A recent incident involving a trader’s denied payout has reignited debate over prop firm policies and their rigid enforcement. Peter Chan, a futures trader operating with Top one Futures, found himself penalized for a surprising reason: his trades were executed too quickly.
Chan, who traded three $100K accounts, hit his $6,000 profit target within 12 trading days. He submitted his payout request expecting a routine transaction. Instead, he received an email informing him that $7,170 had been deducted from his account—more than his total profits—because several of his trades closed in under 10 seconds.
Top one Futures cited their “10-second rule,” a policy intended to prevent high-frequency trading (HFT) and the use of automated bots. Despite the intent behind the rule, Chan maintains he executed his trades manually using one to two contracts per setup and without any automation. According to him, his strategy was simply fast and efficient—traits usually valued in professional trading.
“I followed every risk rule, sized conservatively, and traded with discretion,” Chan explained in a follow-up report. “But I was penalized for being good at my execution.”
The same trades were later reviewed by another firm, Prop Shop, which also flagged Chan’s accounts under its version of the 10-second rule. However, Prop Shop chose to engage with Chan, reviewed his trade logs, and ultimately approved his payout after determining his strategy did not constitute HFT.
“Based on what you have shared, your quick scalping strategy is the reason for the short duration trades, not any form of HFT,” the firm stated in its response.
Same Rule, Different Application
The conflicting outcomes between the two firms have sparked wider discussion in the prop trading community. While both firms enforce the same 10-second policy, their interpretation and handling of the rule differ dramatically.
Top one applied the rule mechanically, refusing to consider context. Prop Shop, by contrast, opted for a discretionary approach—reviewing trader intent before taking action.
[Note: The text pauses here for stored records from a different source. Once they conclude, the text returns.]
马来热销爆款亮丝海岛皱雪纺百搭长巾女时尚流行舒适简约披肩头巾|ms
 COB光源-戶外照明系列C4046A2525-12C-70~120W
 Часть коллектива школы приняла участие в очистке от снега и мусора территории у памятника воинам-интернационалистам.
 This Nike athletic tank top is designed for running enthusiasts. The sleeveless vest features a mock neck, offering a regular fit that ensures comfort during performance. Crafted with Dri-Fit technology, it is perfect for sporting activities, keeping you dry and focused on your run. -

The situation raises questions about fairness and transparency in prop firm governance. Are firms protecting themselves, or are they unfairly penalizing successful traders to reduce payouts?
The Bigger Picture
Peter Chan’s case is not an isolated one. Many traders have reported similar experiences—particularly those who trade with speed or precision that skirts the boundaries of prop firm automation rules.
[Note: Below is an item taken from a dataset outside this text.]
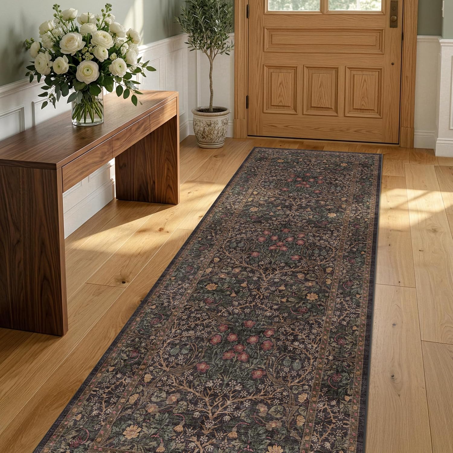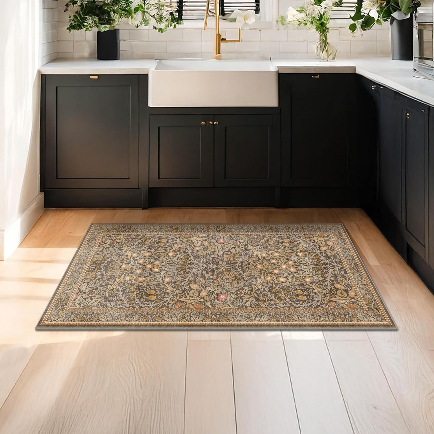 Product description Vintage Botanical Area Rug – Distressed Floral Design, Dark Green, Beige Green, Beige Blue, Dark Blue, Gold Brown BackgroundTransform your living space with the timeless charm of this vintage area rug. Crafted with an intricate floral design, this rug boasts a lush pattern of interwoven vines, flowers, and foliage in subtle hues of green, blue, and beige. Perfectly distressed for a classic look, it evokes the essence of traditional craftsmanship while adding a modern vintage appeal to your home.* Versatile Design: Perfect for a variety of spaces, including bathrooms, entryways, hallways, kitchens, laundry rooms, office chair mats, nurseries, dining rooms, bedrooms, and living rooms.* Durable Construction: Made with high-quality materials to withstand daily wear and tear.* Easy Care: Washable and stain-resistant for hassle-free maintenance. * Non-Slip Backing: Provides a secure grip on your floors, preventing accidents. * Low Pile: Ideal for easy vacuuming and cleaning.* Available in Multiple Sizes and Colors: Choose the perfect size and color to match your decor.Available Sizes:2x6 ft3x5 ft5x7 ft5x8 ft6x9 ft8x10 ft9x12 ft10x14 ftAvailable Colors:Dark GreenBeige GreenBeige BlueDark BlueGold BrownAdd a timeless piece to your home with this vintage Morris area rug, blending classic art and modern functionality. Manufacturer Contact Information 620 Davis St, EVANSTON, IL 60201 US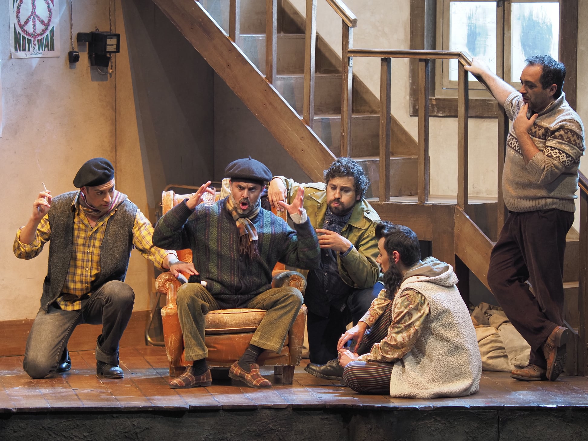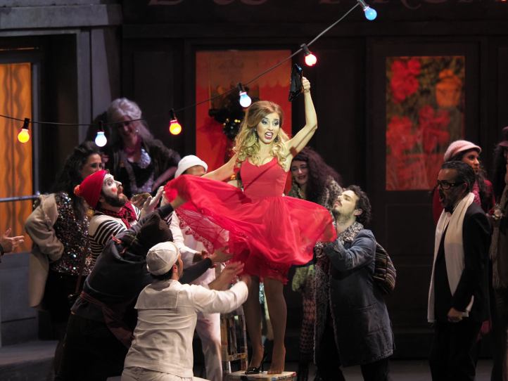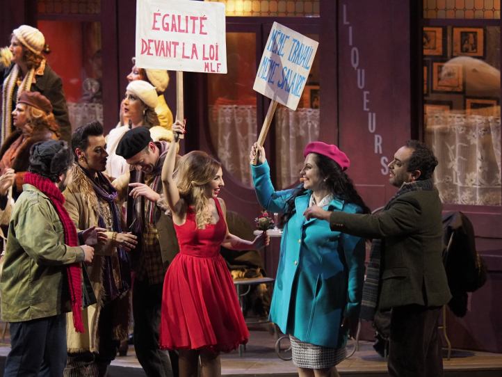 Sagi’s staging of Bohème is the best thing I’ve seen from him. He ideally manages to encapsulate that combination of the sheer joyfulness of the first two acts, with the tragedy of the second half of the evening, populating the stage with genuine flesh and blood characters. Sagi updates the action to 1960s Paris, a time of turbulence, encapsulated by the women with banners harassed by police as they try to block the parade at the end of Act 2. What Sagi also does, is make clear that first encounter between Mimì and Rodolfo is far from being an accident – Mimì is seen listening to the group as they head out for the night and chooses her moment to visit Rodolfo carefully. There’s a tenderness and truthfulness between Natalia Tanasii and Gianluca Terranova’s Mimì and Rodolfo that I found utterly believable. Similarly, at the start of Act 4, the chemistry between Terranova’s Rodolfo and Christian Luján’s Marcello is so convincing, clearly two close friends who genuinely care for and appreciate each other. The moment that Diogo Oliveira’s Schaunard realizes that the life has ebbed away from Mimì is so vivid, particularly so when we can see the realization spread among the remainder of the cast.

Isaac Rivera, a long-time trader with Topstep, recently made headlines after leaving the firm and publicly criticizing its leadership. Rivera claimed Topstep had shifted from a supportive environment to one focused solely on data manipulation and revenue optimization.
“The mission changed,” Rivera said in a public video. “The firm stopped caring about traders and started caring about metrics.”
A Divided Industry
The Chan case has become symbolic of a broader divide within the prop firm world—between firms that strictly follow rulebooks and those that allow human review and interpretation. For traders, that difference can be the deciding factor between being paid for success and punished for it.
As more traders speak out and transparency becomes a greater demand, firms may be forced to reconsider how their policies are enforced. For now, traders like Chan are left navigating an uncertain landscape where following the rules isn’t always enough—and trading too well might just get them flagged.